Она вздрогнула всем телом.
- Тебе стоит только приказать...
- О, нет! Даже если бы я сейчас умер, мое имя все равно повело бы их.
Когда я думаю об имени Атридесов, связанном с этой религиозной бойней...
- Но ты Император! Ты...
- Я лишь номинальный вождь. Однажды появившись, так называемое
божество лишается власти. - Горький смех сотрясал его тело. Он чувствовал,
как смотрит на него будущее - смотрит глазами не народившейся еще
династии. Он чувствовал, как в страхе гибнет его существо, отвязавшееся от
цепи судьбы - остается только его имя. - Я был избран, - сказал он. -
Может быть, при рождении... и, во всяком случае, раньте, чем я начал
говорить. Я был избран.
- Тогда откажись от выбора.
Он еще крепче обнял ее за плечи.
- Со временем, любимая. Дай мне немного времени.
Невыплаканные слезы жгли ему глаза.
- Мы должны вернуться в съетч Табр, - сказала Чани. - В этом каменном
шатре становится слишком опасно.
Он кивнул, проводя подбородком по гладкой поверхности шарфа,
укрывающего ее голову. Успокаивающий запах спайса наполнил его ноздри.

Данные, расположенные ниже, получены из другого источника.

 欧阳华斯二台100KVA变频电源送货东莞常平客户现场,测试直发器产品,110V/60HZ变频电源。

Съетч... Древний смысл проступил в этом слове: место отступления и
безопасности... во время опасности. Предложение Чани вызвало у него острый
приступ тоски по открытым песчаным просторам, по далеким горизонтам, где
любого врага видно издалека.
- Племена ждут возвращения Муад Диба, - сказала она, затем подняла
голову и посмотрела на него. - Ты принадлежишь нам.

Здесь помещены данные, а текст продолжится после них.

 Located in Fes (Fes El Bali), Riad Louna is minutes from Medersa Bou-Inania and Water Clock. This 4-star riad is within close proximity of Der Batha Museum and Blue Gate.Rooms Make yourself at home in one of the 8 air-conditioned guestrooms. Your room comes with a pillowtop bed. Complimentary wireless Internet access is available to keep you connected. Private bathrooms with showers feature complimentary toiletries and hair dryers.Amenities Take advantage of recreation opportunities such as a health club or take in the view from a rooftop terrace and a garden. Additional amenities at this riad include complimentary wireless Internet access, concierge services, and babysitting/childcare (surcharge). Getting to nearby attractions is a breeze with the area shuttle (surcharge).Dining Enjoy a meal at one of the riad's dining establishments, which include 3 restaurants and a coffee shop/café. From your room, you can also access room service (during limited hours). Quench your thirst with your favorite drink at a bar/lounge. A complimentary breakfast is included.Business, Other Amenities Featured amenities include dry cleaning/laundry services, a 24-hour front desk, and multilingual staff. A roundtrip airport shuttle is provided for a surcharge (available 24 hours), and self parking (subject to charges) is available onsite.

- Я принадлежу провидению, - прошептал он.
Он подумал о джихаде, о генах, смешивающихся во многих парсеках, и о
предвидении, которое показало ему, как покончить со всем этим. Должен ли
он уплатить цену? Тогда вся ненависть умрет, погаснет, как костер - уголек
за угольком. Но... ах! Что за ужасная цена!
"Я никогда не хотел быть Богом, - подумал он. - Я хотел лишь
исчезнуть, как исчезает жемчужная роса по утрам. Не хотел быть ни среди
ангелов, ни среди дьяволов... один, брошенный, словно по недосмотру".
- Мы вернемся в съетч? - настаивала Чани.
- Да, - прошептал он, а про себя подумал: "Я должен заплатить цену".
Чани тяжко вздохнула, устраиваясь поудобней.
Я медлю, подумал он. И увидел, как связывают его требования любви и
джихада. Что значит одна жизнь, как бы ты ни любил этого человека, по
сравнению со множеством жизней, которые заберет джихад? Можно ли страдания
одного противопоставить мучениям миллионов?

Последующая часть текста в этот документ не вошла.